New-arrivals challenged by remote teaching: Creating solutions during the COVID-19 pandemic

Publication details

Year: 2020
DOI: 10.26203/2kxf-8b43
Issued: 2020
Language: English
Volume: 27
Issue: 2
Start Page: 214
End Page: 228
Editors:
Authors: Busic V.; Hansson N.; Sullivan K.P.H.
Type: Journal article
Journal: Education in the North
Publisher: School of Education at the University of Aberdeen
Place: Aberdeen
Topics: Learning; Internet usage, practices and engagement; Access, inequalities and vulnerabilities; Other
Sample: Four teachers of the Swedish language in Swedish for immigrants (SFI) language learning programme (students aged 16 and up).
Implications For Educators About: Other; Professional development

Abstract

Ensuring access to equal education is more complex than adopting remote teaching approaches.
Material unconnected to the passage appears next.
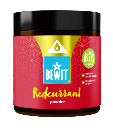 Doplněk stravy Bewit Červený rybíz lyofilizovaný - prášek, BIO RAW - Doplňte svůj jídelníček o další zdravou lahůdku s bohatým zdrojem vlákniny, která podpoří vaši vitalitu a štíhlou linii.
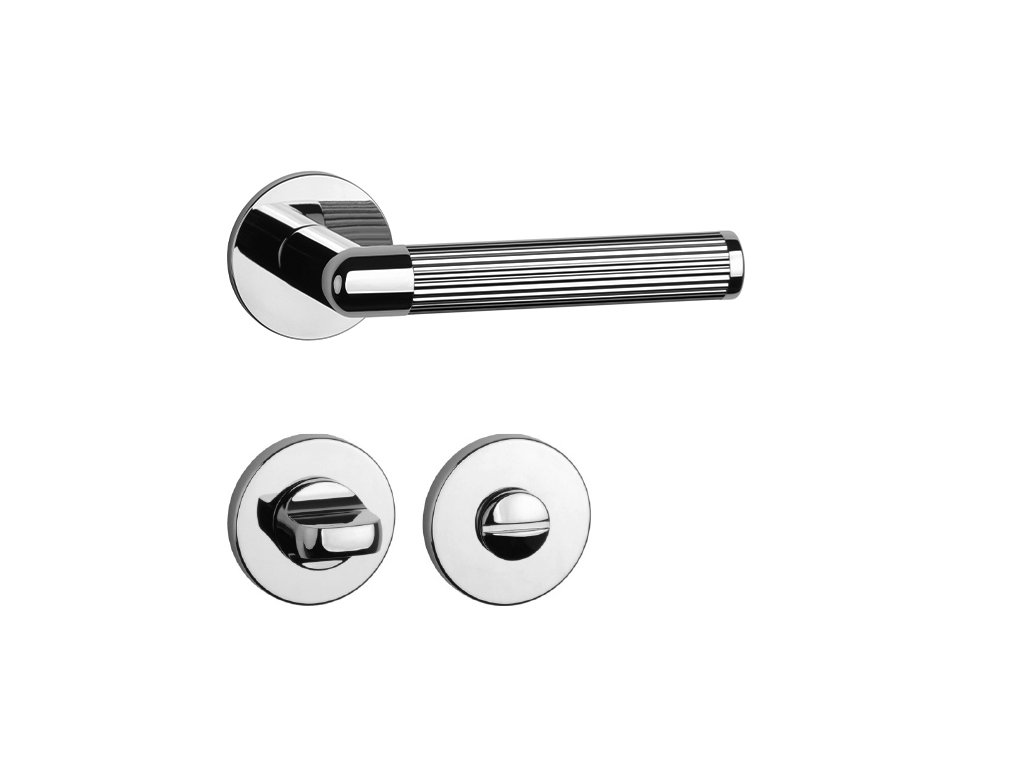 Rozetová kľučka na interiérové dvere s okrúhlou rozetou je vyrobená z materiálov vysokej kvality - zamak a je povrchovo upravená. Rozeta má priemer 52 mm a hrúbku len 5 mm. Minimalistický dizajn rozety s vysokou stabilitou kľučky na dverách pôsobí jemne, a tým ponecháva priestor pre vyniknutie dizajnu samotnej kľučky.

International reactions to Covid-19 included closing physical schools and moving teaching online. This has created learning challenges for newly arrived refugees and immigrants, and teaching challenges for their teachers. On 18 March 2020, language teaching for post-compulsory school-aged refugees and immigrants moved to remote teaching. This paper investigates this move. Through semi-structured interviews, we investigated how teachers attempted to assure equal access to these language courses and their perception of their students’ experiences of this shift. We found that many of the teachers’ students were inexperienced computer users. We also found that the teachers perceived that their students’ feelings of isolation from society increased, and that this in turn reduced their abilities to access the education being offered. Remote teaching is not sufficient on its own to support the social function of these courses. However, the interviewed teachers are highly creative teachers. For example, they kept trialling combinations of a wide range of communication possibilities including visiting students at home and holding outdoor meetings. In these ways they created an instantiation of agency that may have encouraged students. These actions suggest avenues for future research and potential ways of ameliorating the educational challenges created by the sudden move to teaching online.

Outcome

"[R]emote teaching is not sufficient to fully support the education and social function of SFI courses. At the minimum some degree of face-to-face teaching and group conversation is necessary to maintain student engagement and motivation for learning Swedish." (Authors, 226)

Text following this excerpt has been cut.